In recent years, companies have moved towards this style of employment as a means of slashing labour costs. This has resulted in a drastic lowering of living standards for self-employed workers, 80 percent of whom in the UK were living in poverty in the year 2012-13. Following the court case against Uber, taken forward by the GMB trade union, another union, Unite, declared it was setting up a new unit to investigate cases of false self-employment. The Trades Union Congress has launched a review of the scale and nature of such employment in the UK.
Meanwhile, the government has announced a six-month review of working practices and Her Majesty’s Revenue and Customs is setting up its own department to investigate firms over this issue.

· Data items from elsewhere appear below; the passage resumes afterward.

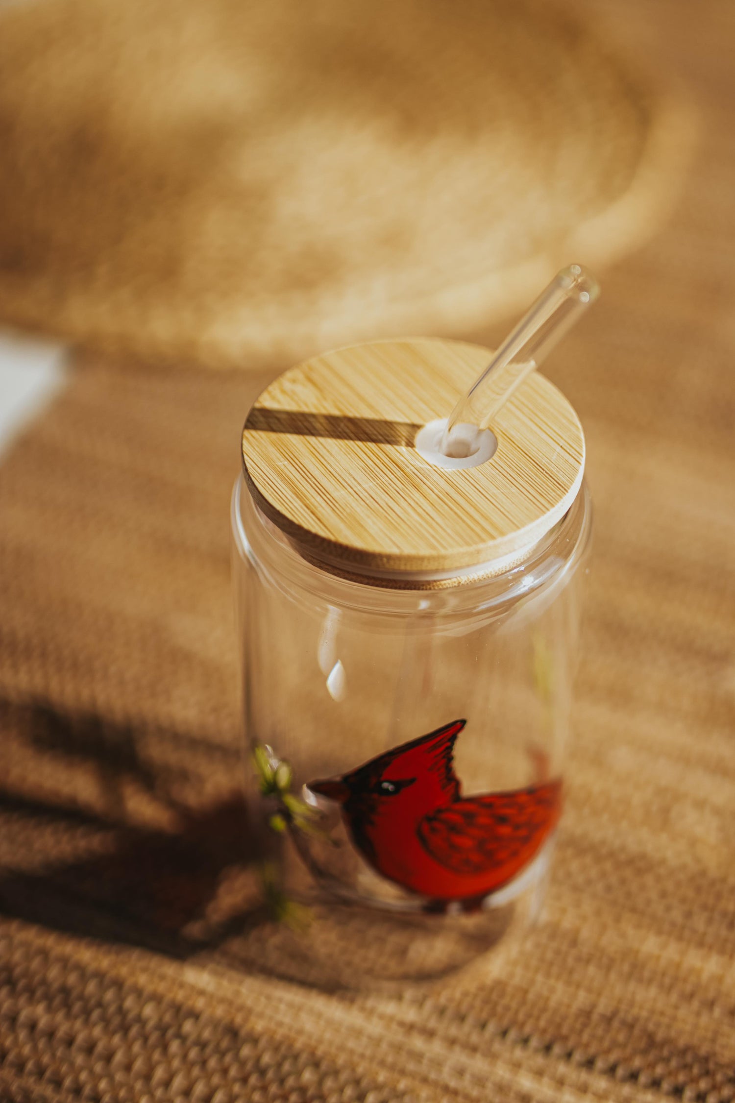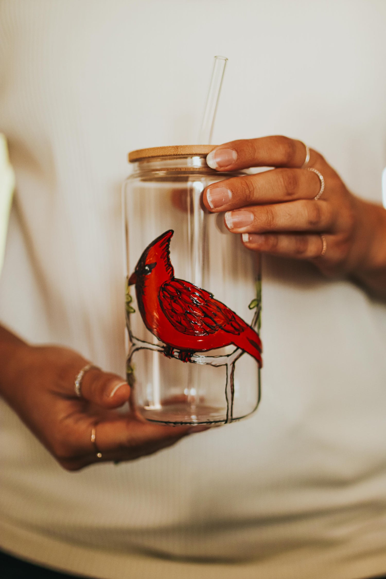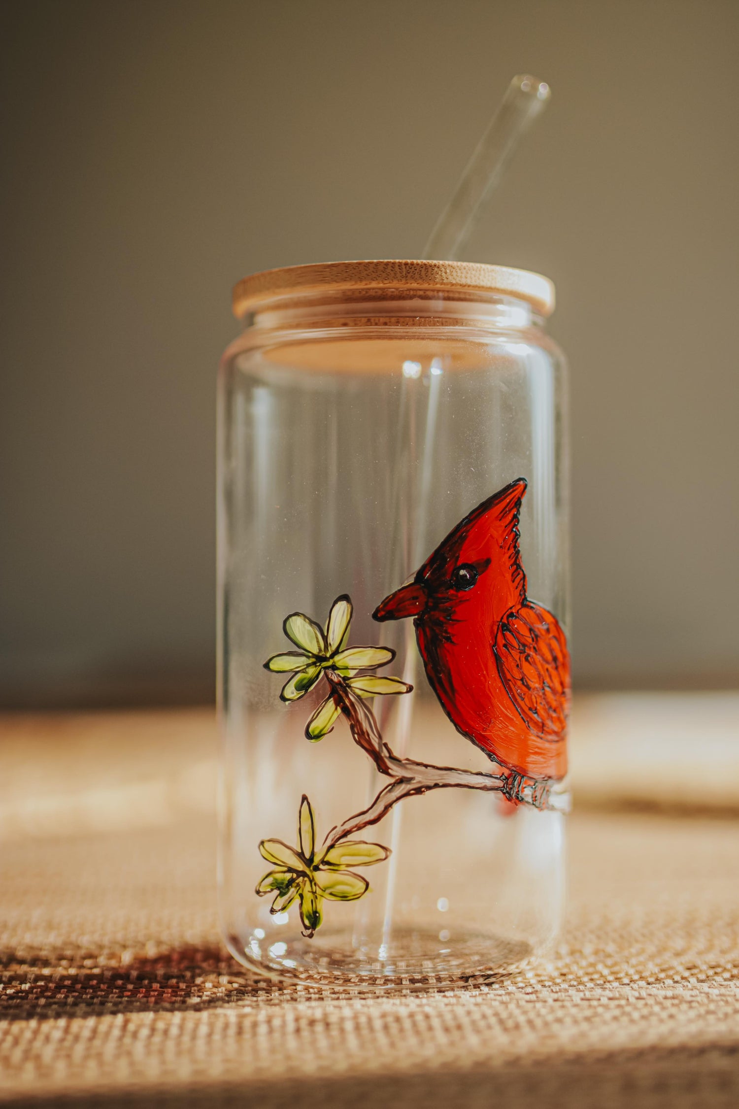 Ce verre format canette au design d'un cardinal est peint à la main. Il est le verre parfait pour un smoothie, un jus, une boisson chaude ou un cocktail.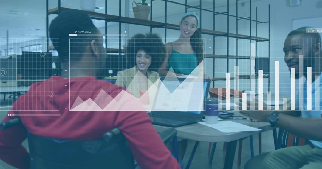 Shows diverse group collaborating over animated data charts, useful for illustrating teamwork, data analysis in business presentations, articles focusing on innovation and workplace diversity.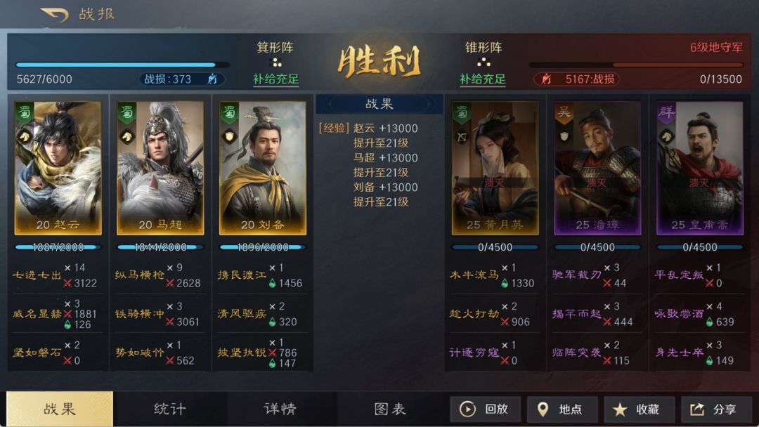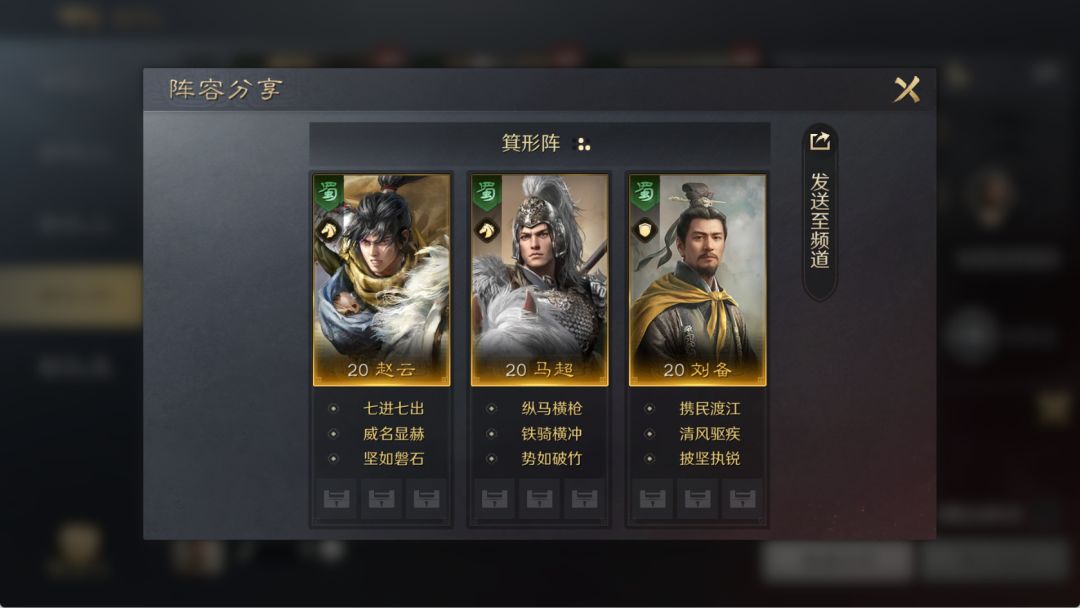 从20级起改用【箕形阵】,赵云前排承伤同时也能输出,刘备治疗保证队伍续航能力,马超依靠自身高暴击在后排主力输出。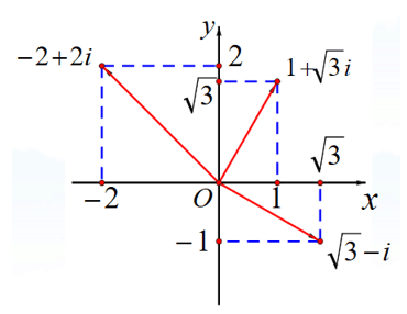师:我们已经能够用角度和长度来表示复数了,那我们能不能根据图象用同样的方法来表示下列图象中的两个复数呢?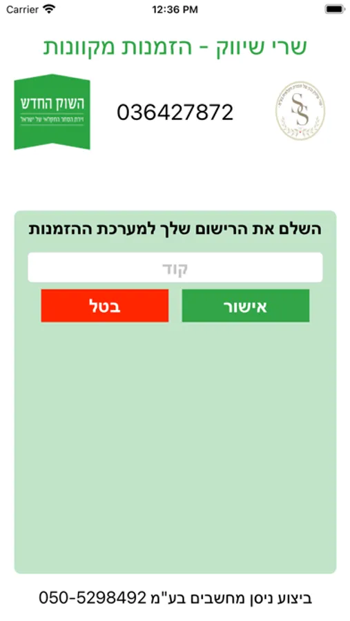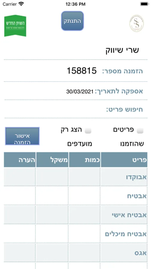אפליקציה להזמנות מקוונות של לקוחות שרי שיווק נכון תוצרת חקלאית בע"מ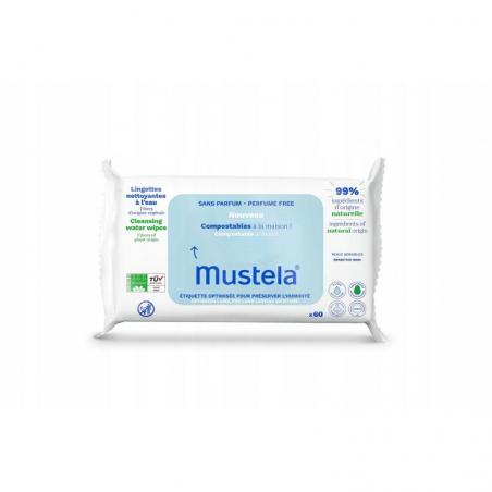 Mustela Kompostowalne chusteczki nawilżające z wodą to artykuł higieniczny dla niemowląt od pierwszych dni życia, którego 99% składników pochodzenia naturalnego. Chusteczki delikatnie oczyszczają skórę twarzy, dłoni i okolic pieluszkowych, pozostawiając ją nawilżoną, wygładzoną i miękką w dotyku.

For their part, Labour Party politicians have criticised Deliveroo’s pay deals as “Victorian,” with MP Frank Field declaring the “clock is ticking” against companies exploiting the gig economy.
There is more than a little cynicism here. Both parties of the British bourgeoisie and their industrial police in the trade unions are wholly complicit in allowing such abuses to be normalised. The World Socialist Web Site recently reported on the scandalous treatment of workers at Sport Direct warehouses, who were paid below minimum wage, harangued from a public address system, submitted to regular searches and subject to a “six strikes” rule, over a six-month period, after which they faced instant dismissal. The “strikes” included “errors,” “excessive/long toilet breaks” and a “period of reported sickness.”
Businesses are only able to force hundreds of thousands of people into such hyper-exploitation because Labour and Conservative governments alike have given them a free hand according to the mantra of creating a “globally competitive economy.” Conservative Prime Minister Theresa May said this week, “The government I lead is unequivocally and unashamedly pro-business.” Despite the occasional criticism of the practices of firms such as Uber, nothing of any fundamental character will be done to infringe on the profitability of big business.
In regard to the likes of the GMB and Unite, workers at Uber, Deliveroo and across the self-employed sector should beware. Over the last three decades, the trade unions have carried out one betrayal after another. To the extent that the unions now wish to intervene in this growing section of the labour market, it is in order to slot themselves into the potentially lucrative role of managing formerly self-employed workers on behalf of multi-million and billion pound companies. In their struggle against appalling wages, terms and conditions, couriers and drivers at Uber Deliveroo, and other such firms must wage their struggle independently of the labour and trade union bureaucracy.